1. Let's say we want to know the log10 transformed value of \$76. This would be hard to compute exactly without a calculator. However, since \$76 is between \$10 and \$100 and since log10(10) = 1 and log10(100) = 2, we know log10(76) will be between 1 and 2. In fact, log10(76) is 1.880814.
1. log10 transformations are *monotonic*, meaning they preserve orders. So if Price A is lower than Price B, then log10(Price A) will also be lower than log10(Price B).

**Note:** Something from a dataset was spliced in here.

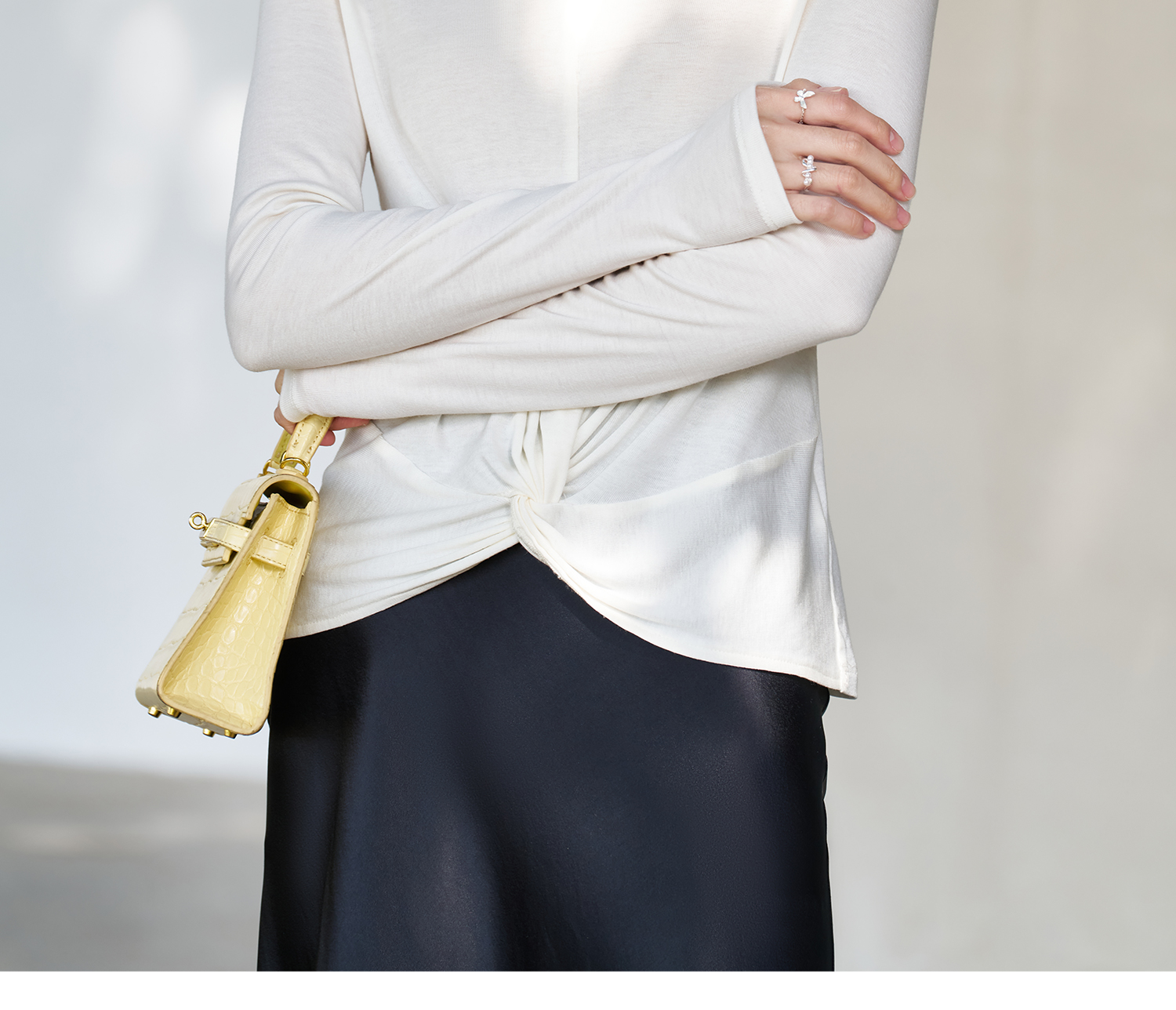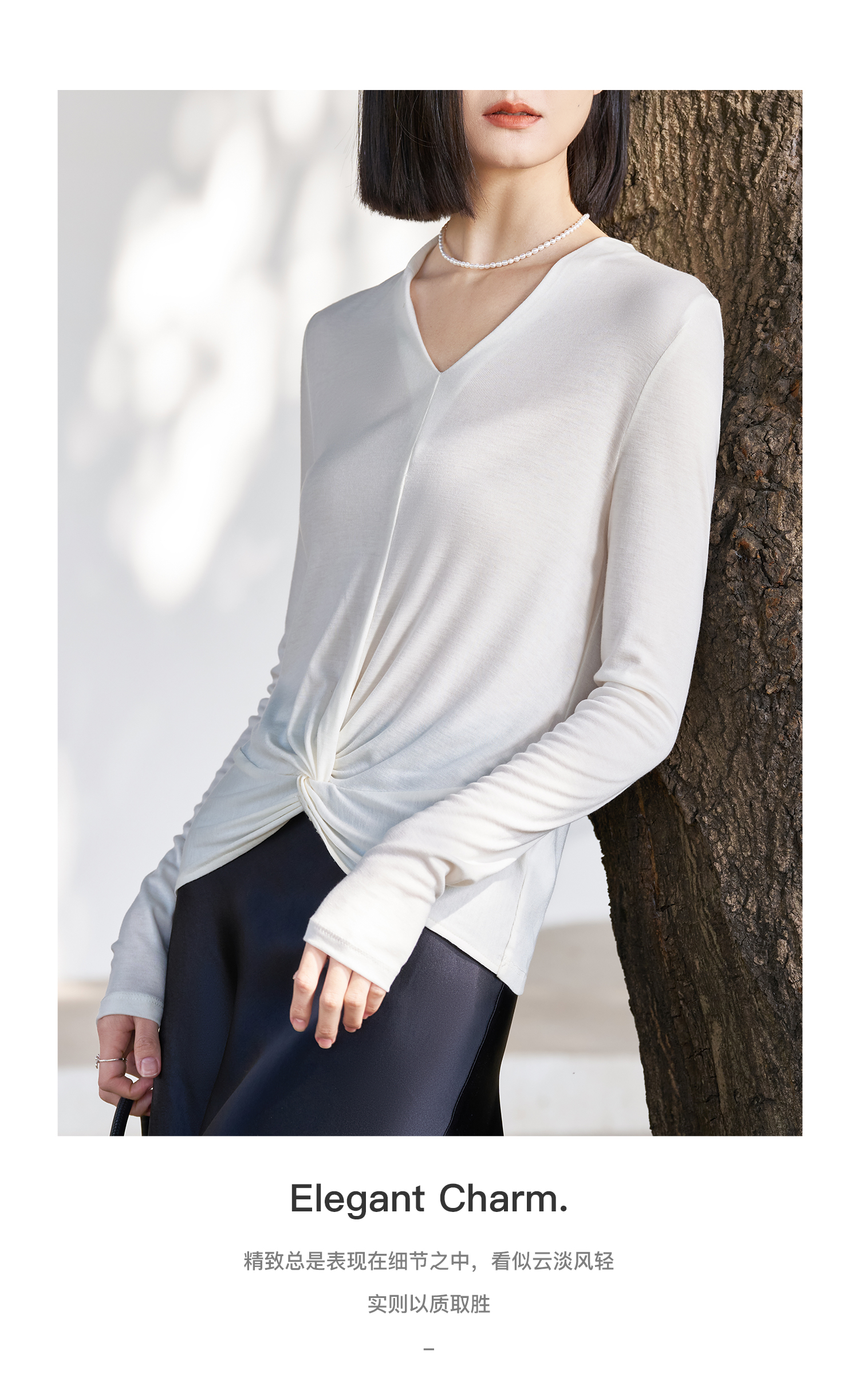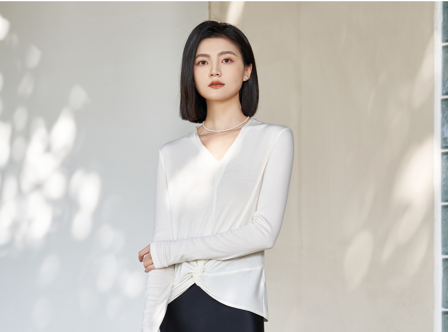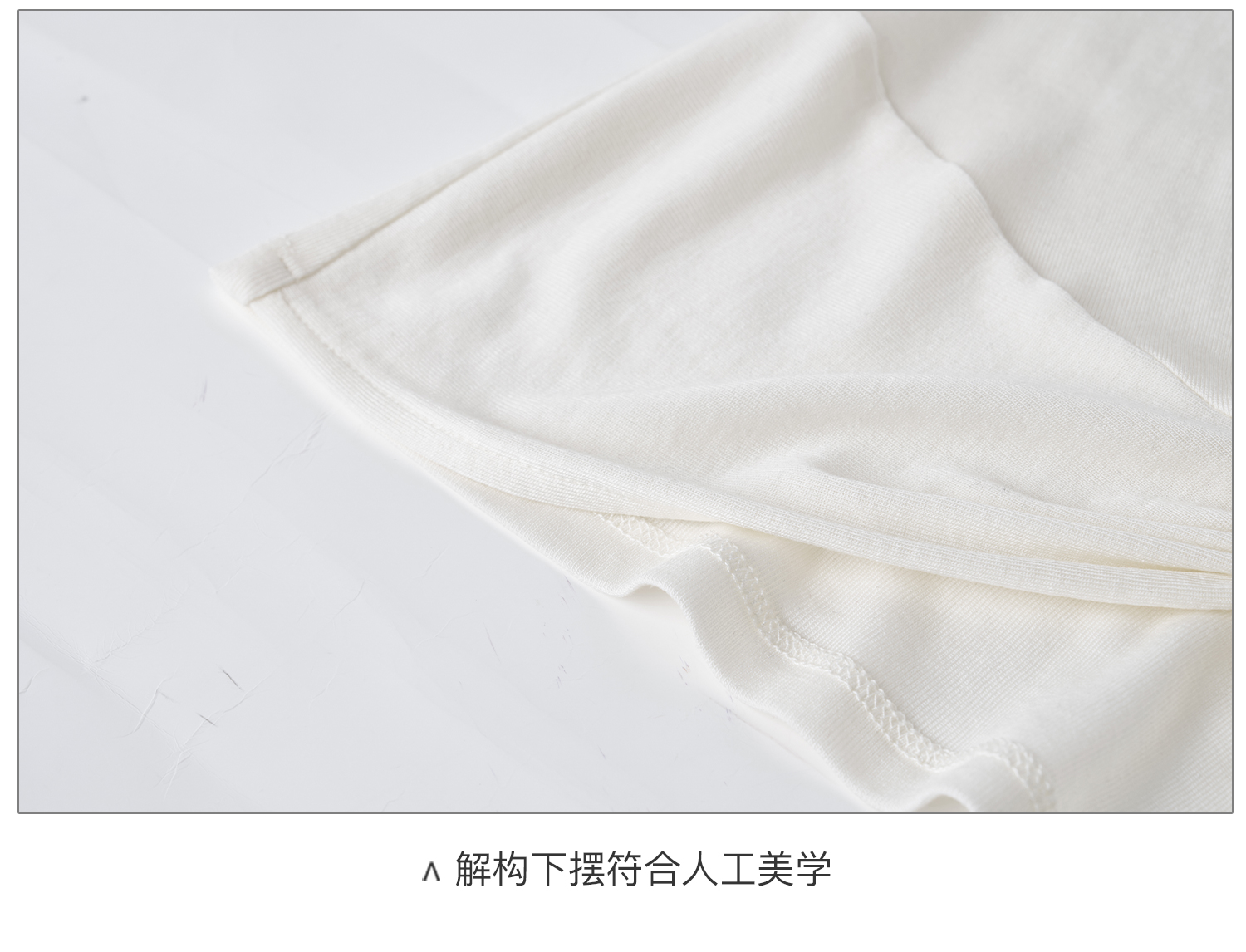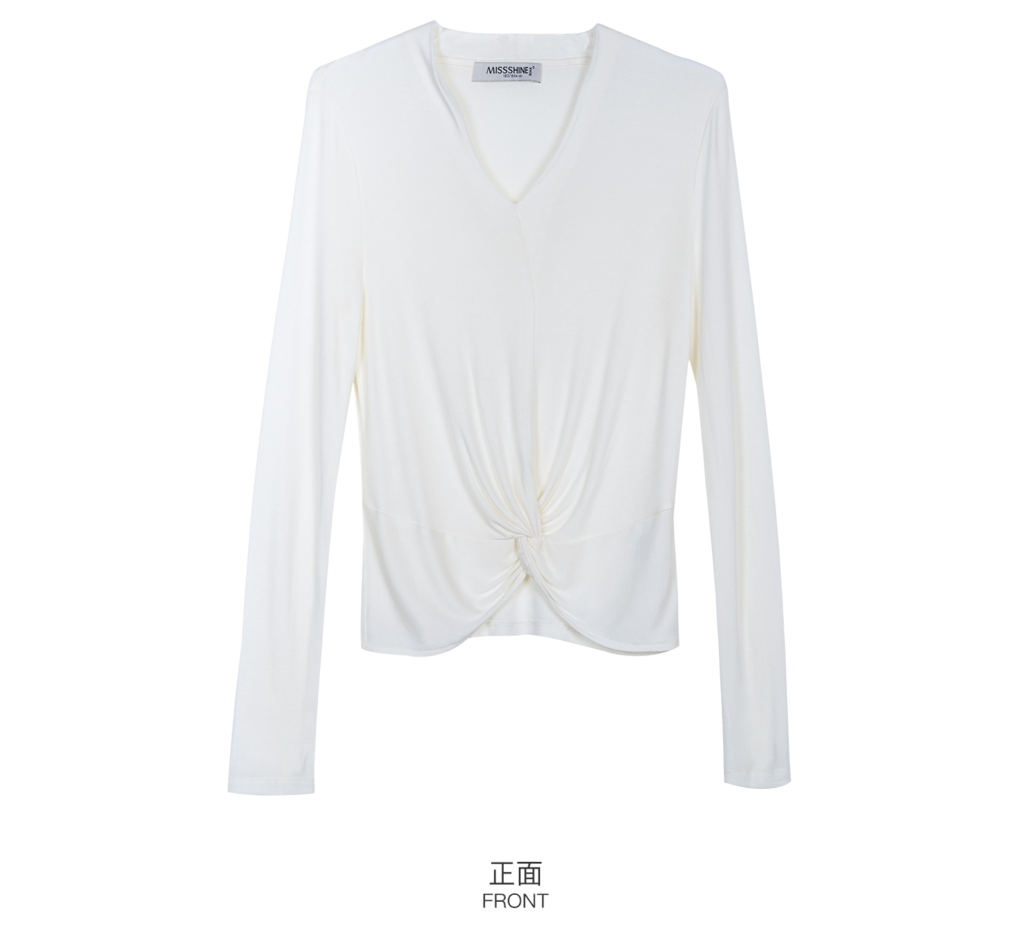米思阳2026春季新款时尚百搭天丝蚕丝混纺T恤交叉设计下摆上衣女5516
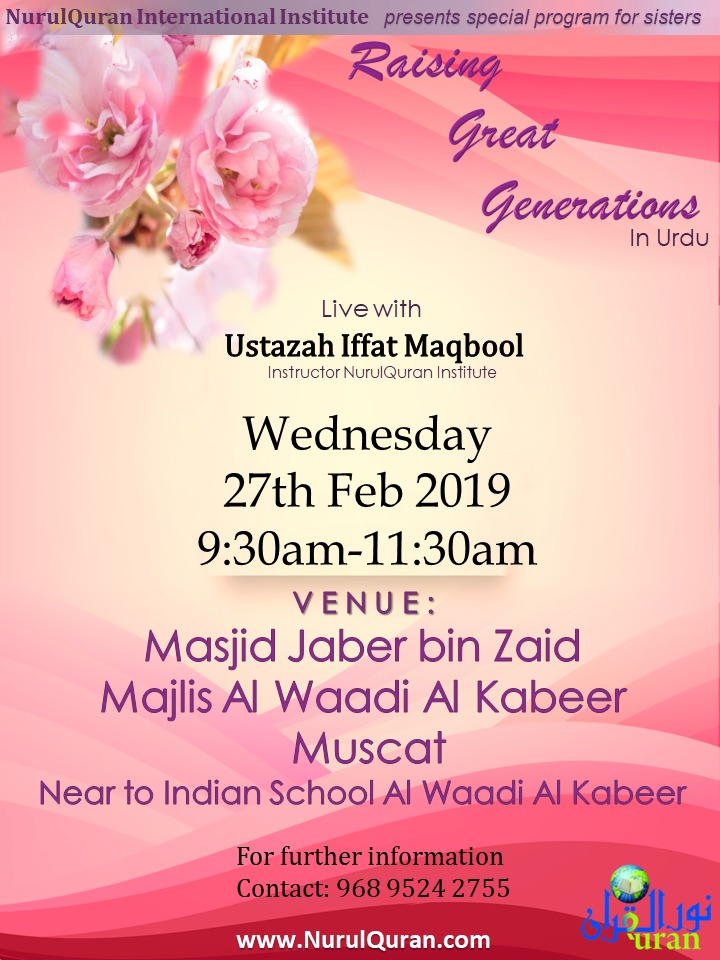 Raising Great Generations !! Featured February 27, 2019 @ 8:30 AM - 10:30 AM Masjid Jaber Bin Zaid Majlis Al Wadi Al Kabeer, Muscat

1. Most importantly, increments of one in log10-scale correspond to *relative multiplicative changes* in the original scale and not *absolute additive changes*. For example, increasing a log10(Price) from 3 to 4 corresponds to a multiplicative increase by a factor of 10: \$100 to \$1000.